-- Data under study --

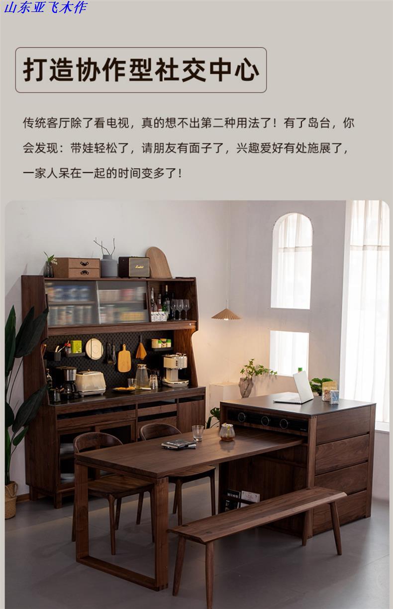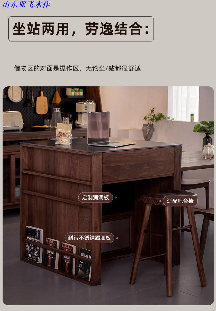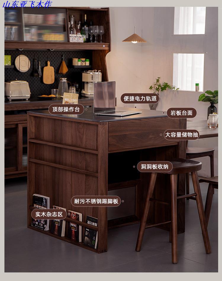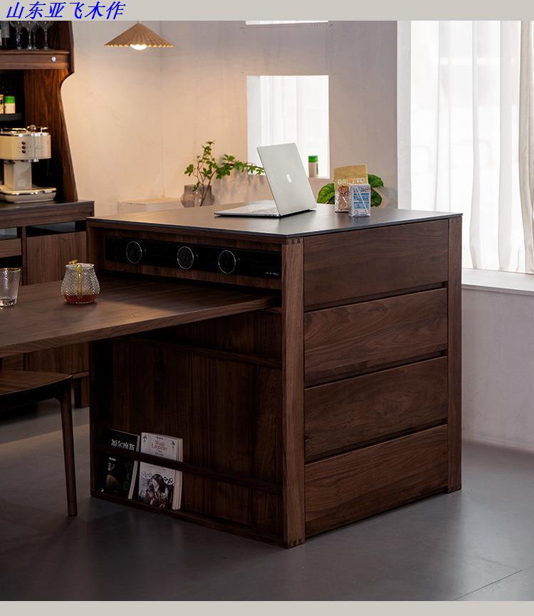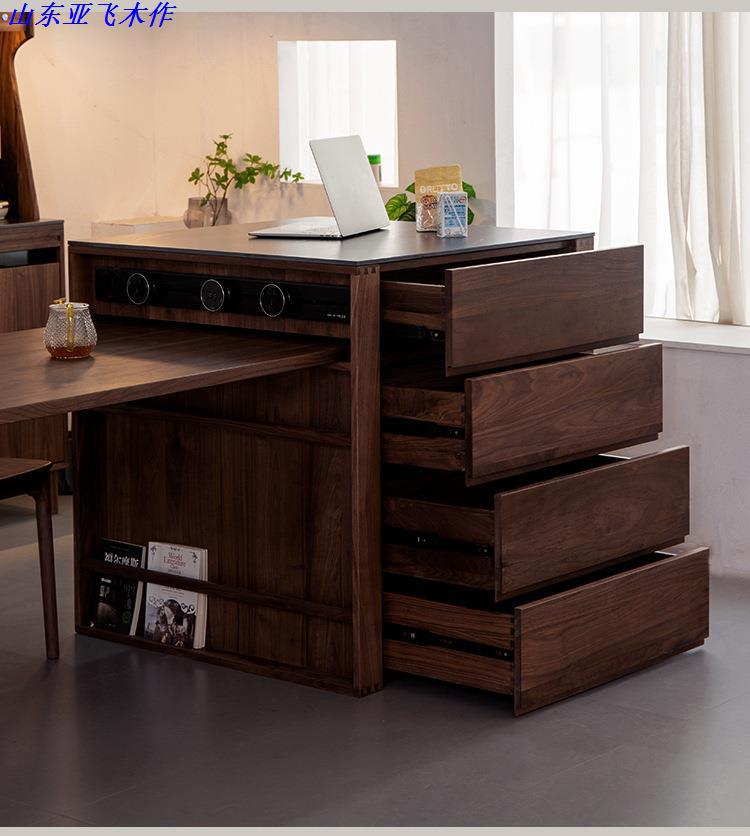 Aparador de madera maciza de nogal negro, moderno mueble de pared integrado para té, mueble de vino para sala de estar, mueble de almacenamiento para cocina
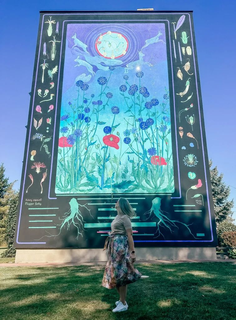 Pozostając w Hajnówce, zachęcam do zobaczenia jednych z najpiękniejszych murali, jakie dotąd widziałam. Namalowała je Mona Tusz, artystka z Katowic. Murale nawiązują do puszczańskiej przyrody i kultury regionu. Mnie szczególnie spodobał się dodatek kawałeczków luster, które pięknie odbijają światło. To małe dzieła sztuki. Dowiedziałam się, że spod pędzla tej artystki ma wyjść kolejny mural w Hajnówce, przedstawiający Simonę Kossak w otoczeniu zwierząt. O Simonie pisałam w tym moim poście.
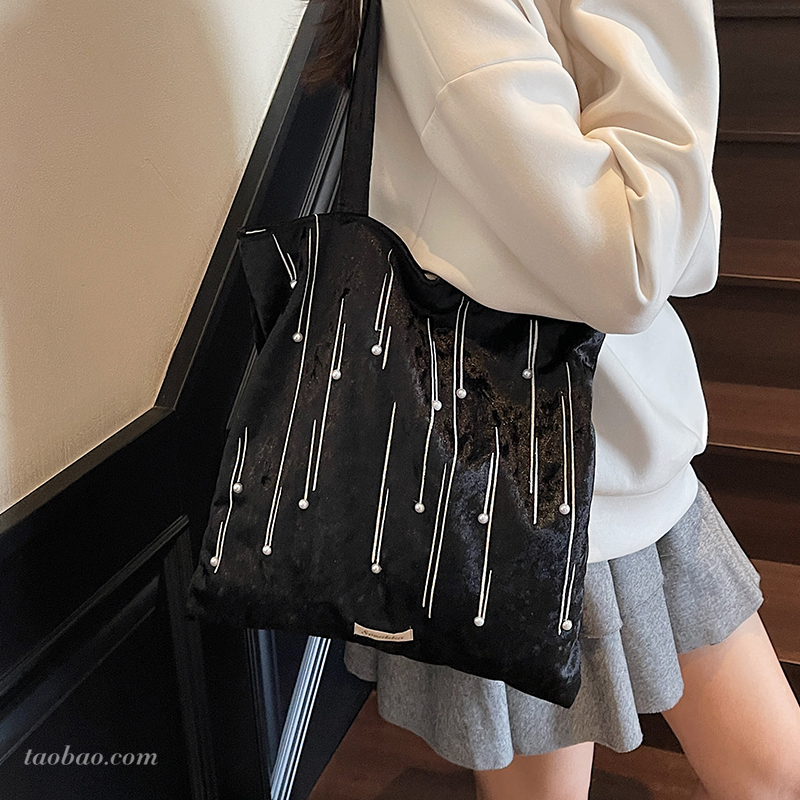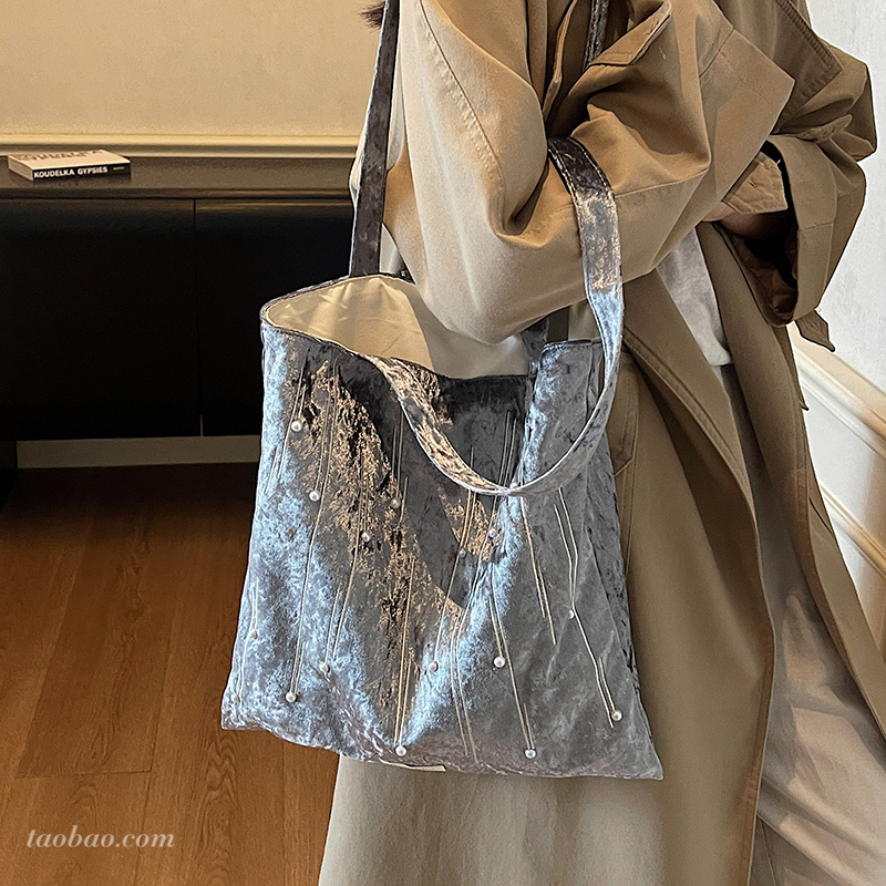 休闲大容量包包女2025新款通勤单肩包轻便百搭托特包秋冬丝绒布包
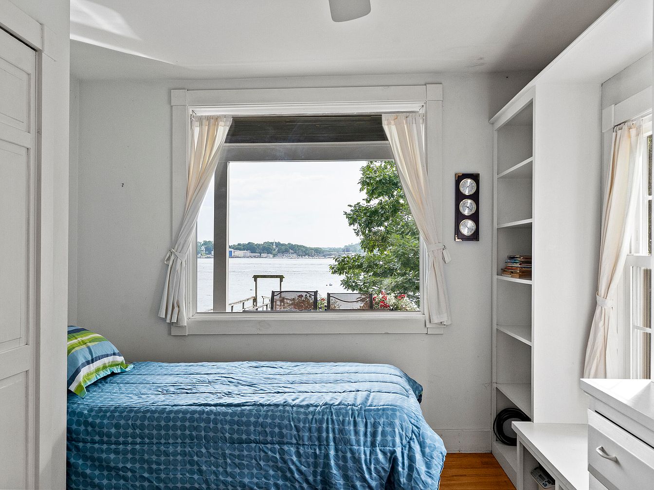A small, cozy bedroom featuring a single bed with a blue comforter and a pillow accented with green and white stripes. The focal point is a large window framed by simple white curtains, offering an expansive view of a body of water and a distant shoreline with trees and buildings. On the right side, built-in white shelving holds a few books and small items. Natural light fills the room, enhancing the bright, minimalist aesthetic. The walls and ceiling are painted white, while warm wood flooring adds contrast. The overall atmosphere is serene and inviting, with an emphasis on the scenic outdoor view.
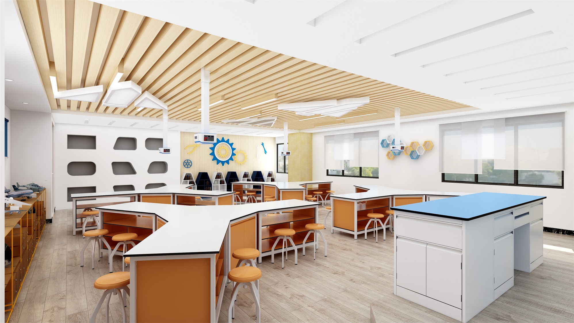 —設(shè)計理念:可選配各種顏色理化板,拼桌組合多變;一體化臺面,具有穩(wěn)定的抗菌性能,造型美觀。
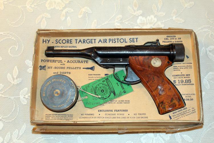 Vintage HY-Score air pistol, in box, not tested, excellent cosmetic condition, in original box (exterior of box is in poor condition)
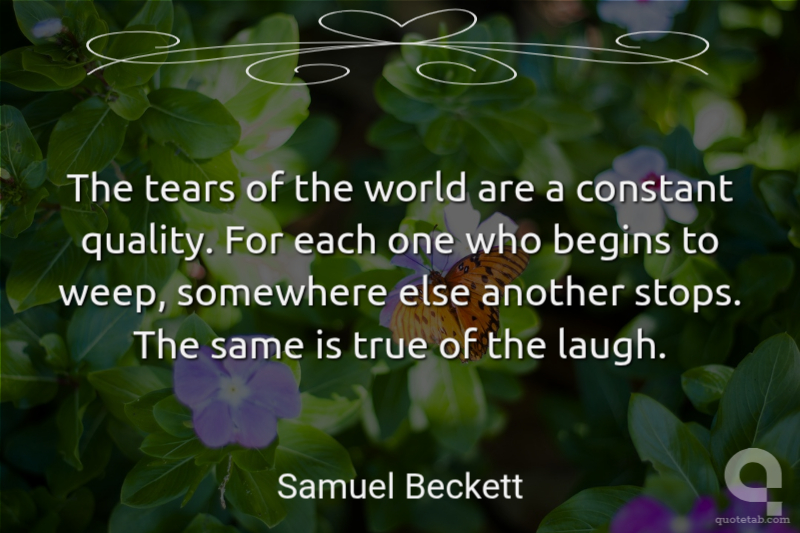 The tears of the world are a constant quality. For each one who begins to weep, somewhere else another stops. The same is true of the laugh.
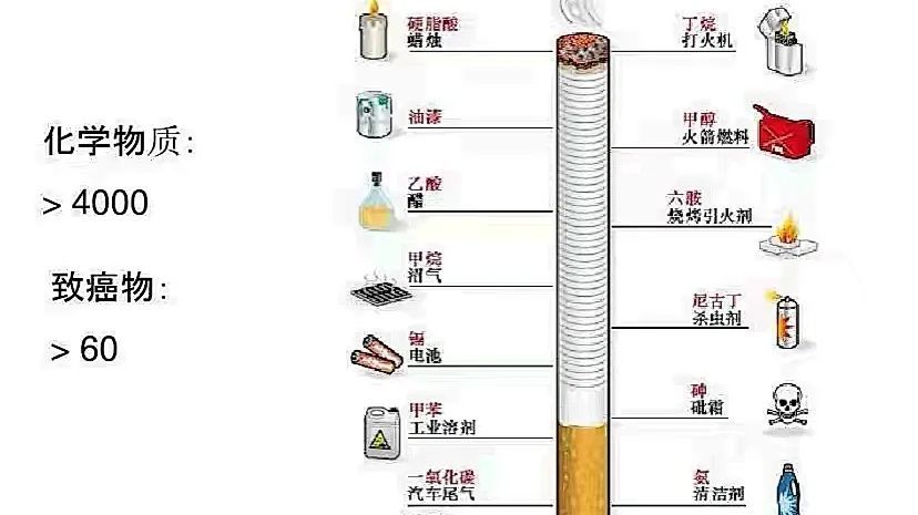 烟中的致癌物质很多,如尼古丁、焦油、苯等,会给身体带来极大的伤害,如果长期吸烟容易患上消化道疾病、口腔疾病、口臭、肺癌、心肌梗死等等疾病。吸烟会污染环境,如果你吸烟就会影响到你身边的家人及朋友被动地吸二手烟,如果老人被动吸二手烟,容易导致冠心病等,儿童吸二手烟容易引发哮喘、肺炎等病症,如果怀孕的女人经常吸二手烟会影响到肚里的胎儿。总的来说,请尽快戒掉烟,吸烟有害健康,养成良好的习惯,走向美好的未来。

-- Exercise requirements --
Starting from the first line of the entries above, print each line exactly until the line containing "Vintage HY-Score air" has been printed, and skip the pictures.

-- Expected answer --
 Aparador de madera maciza de nogal negro, moderno mueble de pared integrado para té, mueble de vino para sala de estar, mueble de almacenamiento para cocina
 Pozostając w Hajnówce, zachęcam do zobaczenia jednych z najpiękniejszych murali, jakie dotąd widziałam. Namalowała je Mona Tusz, artystka z Katowic. Murale nawiązują do puszczańskiej przyrody i kultury regionu. Mnie szczególnie spodobał się dodatek kawałeczków luster, które pięknie odbijają światło. To małe dzieła sztuki. Dowiedziałam się, że spod pędzla tej artystki ma wyjść kolejny mural w Hajnówce, przedstawiający Simonę Kossak w otoczeniu zwierząt. O Simonie pisałam w tym moim poście.
 休闲大容量包包女2025新款通勤单肩包轻便百搭托特包秋冬丝绒布包
A small, cozy bedroom featuring a single bed with a blue comforter and a pillow accented with green and white stripes. The focal point is a large window framed by simple white curtains, offering an expansive view of a body of water and a distant shoreline with trees and buildings. On the right side, built-in white shelving holds a few books and small items. Natural light fills the room, enhancing the bright, minimalist aesthetic. The walls and ceiling are painted white, while warm wood flooring adds contrast. The overall atmosphere is serene and inviting, with an emphasis on the scenic outdoor view.
 —設(shè)計理念:可選配各種顏色理化板,拼桌組合多變;一體化臺面,具有穩(wěn)定的抗菌性能,造型美觀。
 Vintage HY-Score air pistol, in box, not tested, excellent cosmetic condition, in original box (exterior of box is in poor condition)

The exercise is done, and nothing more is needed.